Betty Brink claims the AAN-member paper hired Pulitzer-winning former Dallas Morning News reporter Dan Malone at a salary exceeding her own by over 50%. The Dallas Observer reports that Brink -- at 70 perhaps the oldest working journalist in the alternative newspaper business -- has filed a complaint with the EEOC, alleging age and gender discrimination.
It's a new sociological phenomenon: Increasing numbers of gay teenagers are proclaiming their homosexuality at an early age. Douglas Sadownick of LA Weekly talks to several gays who came out early to learn how a growing child ultimately decides to choose loyalty to his or her unfolding queer feelings over affiliation to family, religion, friends, and their own internalized homophobia.

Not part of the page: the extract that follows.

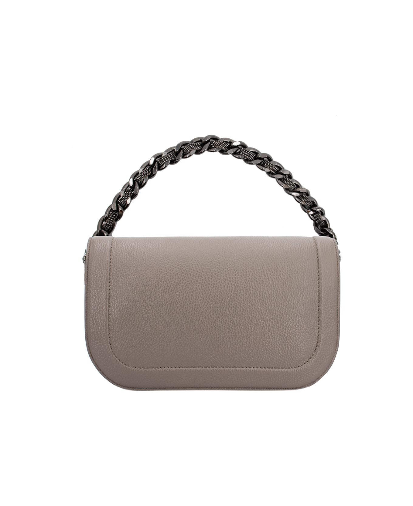 Calfskin leather bag, knurled texture, top flap with magnetic closure, two removable leather and shiny chain straps, divided inner compartment. Dimensions: 31 x 18 x 13 cm. Composition: 100% REAL, LEATHER

"It's a newspaper advertising category that for decades has been owned lock, stock, and fur-lined handcuffs by alternative papers," reports Editor & Publisher's Mark Fitzgerald. "But now increasing numbers of daily newspapers are coyly succumbing to the many seductions of sex ads." Don't provide a sales rep, jack up the rates, slap restrictions on the ads -- despite these barriers, adult sections in most alternatives still grow like kudzu. Daily papers are beginning to take notice.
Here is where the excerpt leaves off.